WHAT THE TASK REQUIRES:
Exactly as they appear, retype the lines from the one containing "- Flower is" through the final line of the data below. Leave pictures out.

-- EXTRACTED INFORMATION follows --

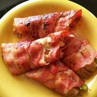 - 4 薄切りロングベーコン5枚を並べます。大葉、アスパラガス、ピザ用チーズ、えのきの順に乗せ、端から巻いていき、巻き終わりを爪楊枝で止めます。
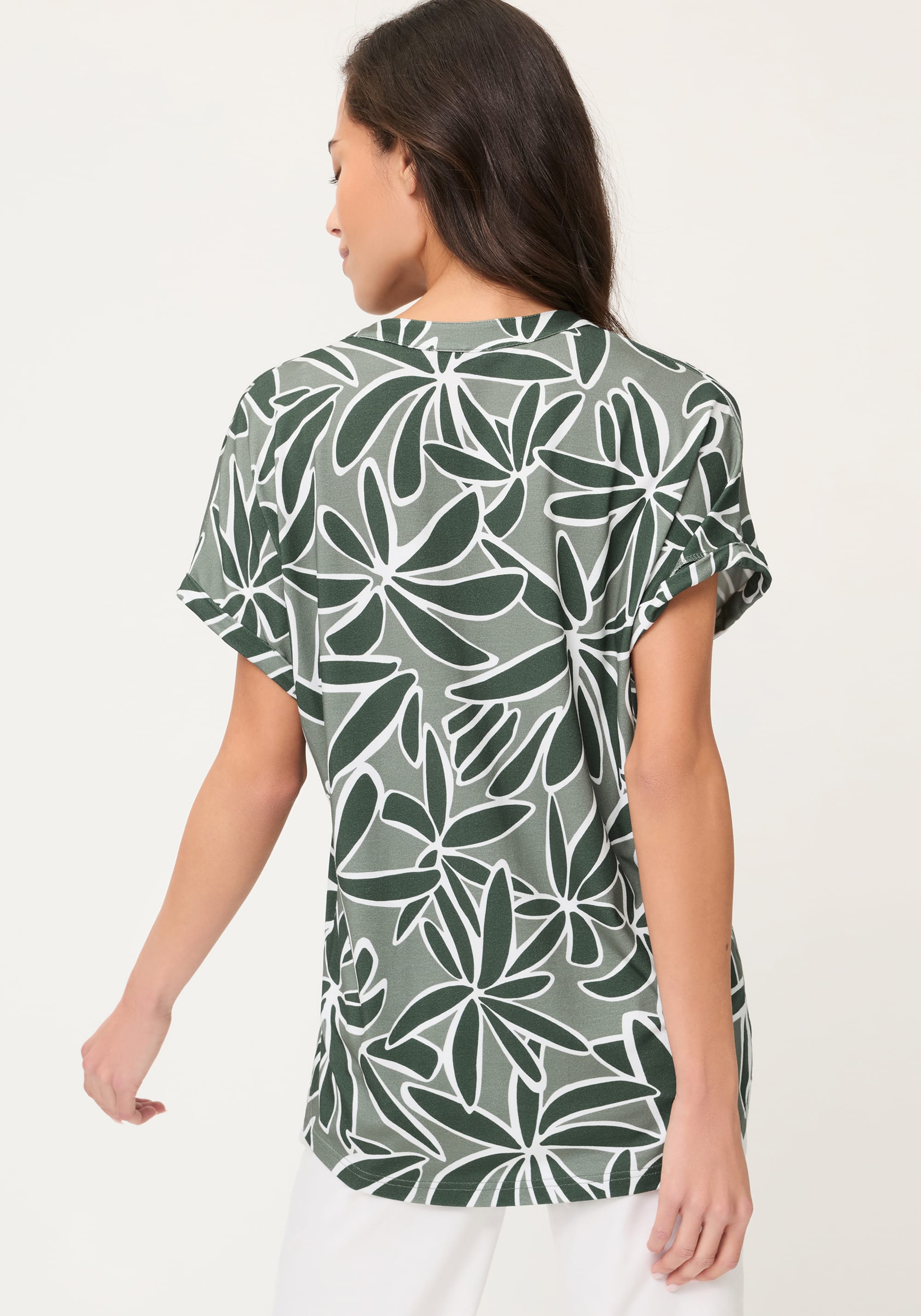 A fashion-forward T-shirt designed to elevate relaxed looks with an expressive, resort-inspired feel.
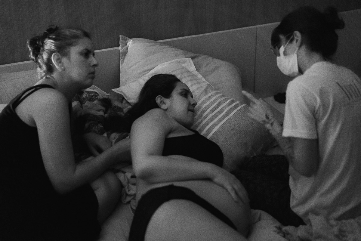 Mulher em trabalho de parto acolhida por uma doula e sua irmã durante trabalho de parto. (Foto por André Pontes)
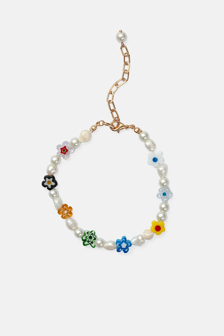 - Flower is ma power. Bracelet in super cute mixed beads with adjustable lobster clasp closure.
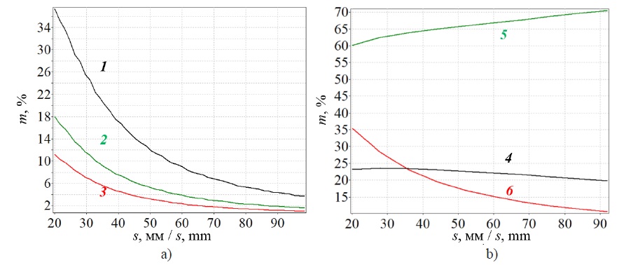 Двойной измельчающий аппарат повышает качество измельчения в том случае, если частота вращения шнека и/или дискового или цилиндрического аппарата обеспечивают среднюю расчетную длину резки, не превышающую величины подачи роторного аппарата (рис. 6, b). При этом массовая доля частиц, длина которых превышает 100 мм, снижается практически до нуля, а наибольшая доля частиц находится в диапазоне увеличенной и уменьшенной на 5 мм расчетной длины резки, изменяясь от 45 % при расчетной длине резки 25 мм до 75 % при расчетной длине резки 5 мм. Таким образом, невозможность регулирования угловой скорости шнека и/или дискового барабана не позволяет использовать двойной измельчающий аппарат на заготовке кормов с различными требованиями к качеству измельчения.
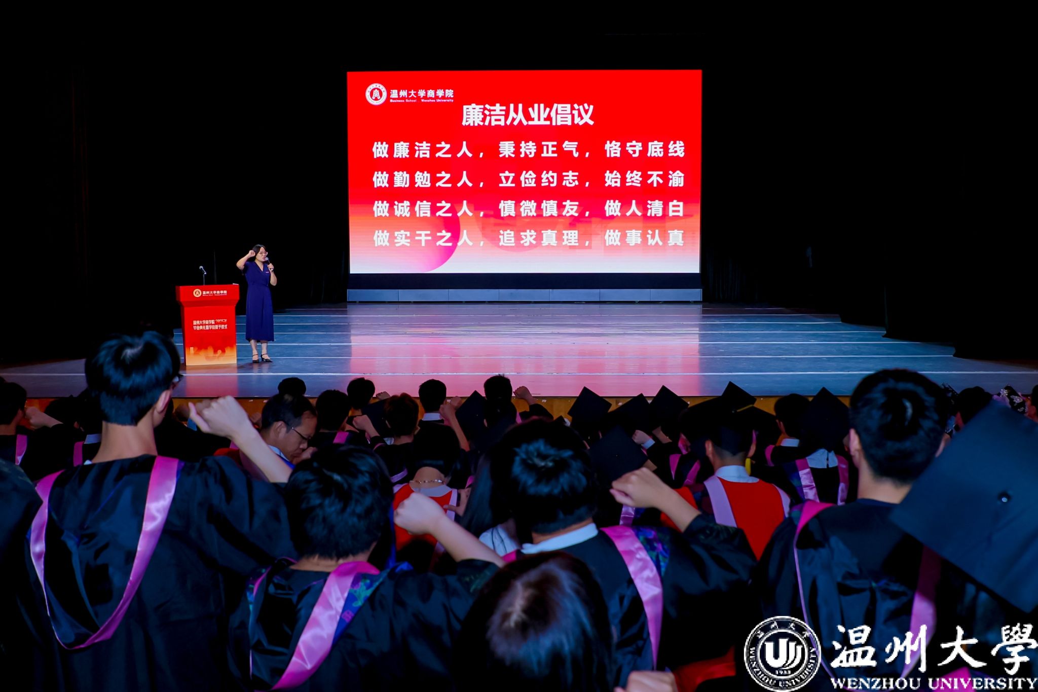 作为温州市清廉金融共建基地,我院始终注重培养学生的道德品质。党委副书记、纪委书记曾蓓蕾向全体毕业生发起廉洁从业倡议,带领全体毕业生庄严宣誓,承诺坚守清廉底线,以高尚品格和职业操守为社会贡献力量。

-- EXTRACTED INFORMATION concluded --

OUTPUT BELOW:
 - Flower is ma power. Bracelet in super cute mixed beads with adjustable lobster clasp closure.
 Двойной измельчающий аппарат повышает качество измельчения в том случае, если частота вращения шнека и/или дискового или цилиндрического аппарата обеспечивают среднюю расчетную длину резки, не превышающую величины подачи роторного аппарата (рис. 6, b). При этом массовая доля частиц, длина которых превышает 100 мм, снижается практически до нуля, а наибольшая доля частиц находится в диапазоне увеличенной и уменьшенной на 5 мм расчетной длины резки, изменяясь от 45 % при расчетной длине резки 25 мм до 75 % при расчетной длине резки 5 мм. Таким образом, невозможность регулирования угловой скорости шнека и/или дискового барабана не позволяет использовать двойной измельчающий аппарат на заготовке кормов с различными требованиями к качеству измельчения.
 作为温州市清廉金融共建基地,我院始终注重培养学生的道德品质。党委副书记、纪委书记曾蓓蕾向全体毕业生发起廉洁从业倡议,带领全体毕业生庄严宣誓,承诺坚守清廉底线,以高尚品格和职业操守为社会贡献力量。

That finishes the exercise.